Ove Gjedde’s soft-voiced observation was annoying, mostly because it was perfectly accurate. “It is unlikely anything will change so dramatically that you need to examine the enemy every two minutes. They continue to run. We continue to chase. It has been thus since dawn. And the range is closing steadily.”
“Yes, steadily. But not fast enough.”
Gjedde shrugged at the receding Spanish sails that dominated the western horizon. “Like us, they have fair winds and following seas. Nothing could be better for their galleons. With the exception of our steam-ships, none of our hulls are much faster than theirs.”
Eddie nodded, turned about and raised his binoculars to better see the allied fleet behind. Led by the steam-tugged Amelia and Gelderland, eight more Dutch warships had crowded sail to keep up with the USE steamships: Hollandsche Tuijn, Zeeland, Neptunus, Utrecht, Prins Hendrik, Eenhoorn, Omlandia, Wappen von Rotterdam.

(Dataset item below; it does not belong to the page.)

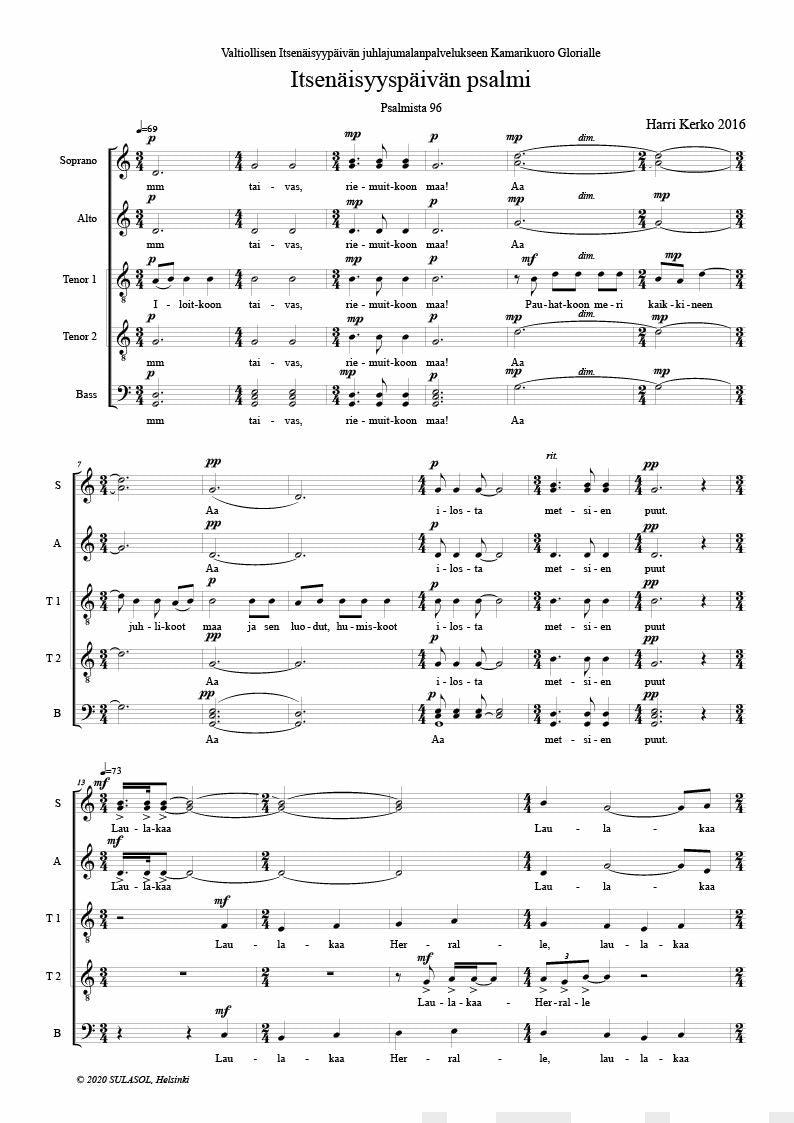 Harri Kerkon tyylikäs psalmi valtiolliseen itsenäisyyspäivän juhlajumalanpalvelukseen 2016.

They were among the lighter and swifter Dutch hulls, none carrying more than thirty-eight pieces, but even so, their speed was not much greater than that of the Spanish galleons. Van Galen had loudly protested the decision to send almost all the bigger ships south with Peg Leg Jol to Trinidad, or to be kept as a home guard at Oranjestad, but now, Eddie’s foresight was making itself felt as a lived reality. Once the Spanish saw the smoke from the steamships, he’d predicted they might not come straight to grips but do everything they could to maneuver for advantage. However, while the Intrepid and Resolve would be able to quite literally run rings around the Spanish heavies, it would be unwise to fully break formation to do so, not until the enemy was firmly engaged.